With in-crop application we have the added benefit of crop competition but also a number of rotation crops in which Group A herbicides are registered to allow knock-down control of FTR escapes. Sorghum is still seen as the potential ‘blow out’ crop for FTR management. Although there are a range of residual herbicides used in sorghum for summer grass management, their length of activity is certainly not season long and there are currently no in-crop knock-down options to control survivors. When combined with the wide row spacings used in sorghum, this creates an environment where FTR often flourishes.
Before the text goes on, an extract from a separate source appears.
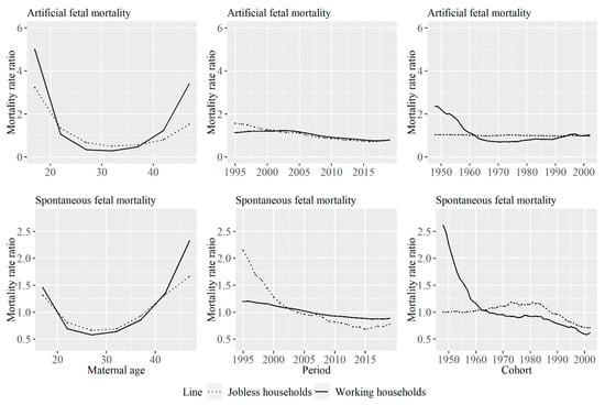 The difference in the maternal age-standardized rate of both the artificial and spontaneous fetal mortality rates between the two types of households decreased in the analyzed periods. However, there was a statistically significant difference in the rate ratio of jobless households compared with working households, regardless of maternal ages, periods, and cohorts for the artificial fetal mortality rate. A statistically significant difference was also observed for the spontaneous fetal mortality rates in some ages, periods, and cohorts. Trends of birth cohort effects were particularly different between the two types of households for both the artificial and spontaneous fetal mortality rates. A large decrease of the cohort effect was observed from cohorts born in the late 1940s to the 1970s in working households, whereas it was not observed in jobless households. Further studies investigating the physical and socioeconomic characteristics of pregnant women for both jobless and working households are required for a better understanding of the reason for the disparity.
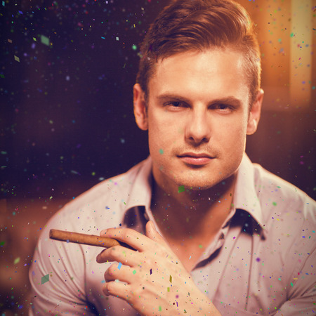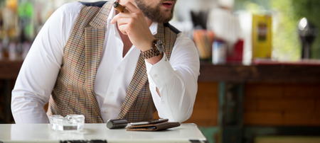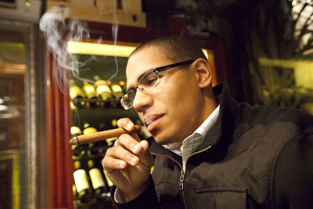 portrait of hansome man smoking cigar in a lounge bar

Other options that should be considered for FTR management:
- Salvage cultivation of mature plants and inter-row cultivation for crops such as sorghum when grown on wide rows
- Patch cultivation of new incursions (including manual weeding and chipping)
- Residual herbicides applied to new patches after other tactics employed
- Strategic cultivation for seed burial (providing further tillage is not employed as this may simply return seeds to the soil surface)
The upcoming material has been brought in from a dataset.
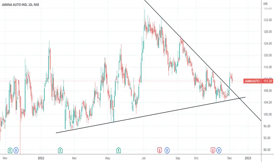 If you draw a trendline from September 2021, it clearly depicts that Jamnaauto now gives triangle breakout. It is sustained above the triangle and retesting is also completed. Now one can make position at 110-111, for the target of 120,125 Stoploss =105
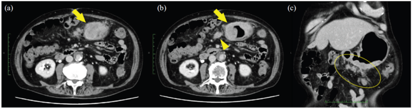 图2. 诊断时的腹部CT检查结果。腹部CT (a-c) 显示胃下部胃壁不均匀强化(箭头),胃周淋巴结转移(三角箭头),以及大网膜种植转移可能(虚线圈)

- Burning may be a useful tool where blow outs have occurred in patches or even in larger areas
Conclusions – the role for residual herbicides
Our management issues with FTR (together with weeds such as fleabane and awnless barnyard grass) have in part stemmed from an over reliance on glyphosate in the summer fallow. To successfully manage these weeds the industry must continue to adopt a range of integrated management practices using both non herbicide measures eg:
- crop rotation
- strategic and salvage tillage
- intensive patch management for new incursions
- salvage burning
- a wider range of herbicide options (eg residual herbicides) as well as double-knock strategies
This is required to effectively manage these weeds but also to ensure we don’t lose glyphosate completely. FTR is a species that appears well suited to intensive patch management as it doesn’t appear to be as easily dispersed by wind compared to some of our other fallow weeds eg sowthistle.
Profitability is of course still paramount. The suggestion with these problem weeds is to focus on individual paddocks and adjust rotations to crops that most suit your environmental conditions but also enable the use of effective residual herbicides in the previous fallow or even in crop. Particularly for FTR, the seed bank is only short lived and two years of effective management can ensure that paddocks return to full flexibility of rotational choice.
The research undertaken as part of this project is made possible by the significant contributions of growers through both trial cooperation and the support of the GRDC, the author would like to thank them for their continued support.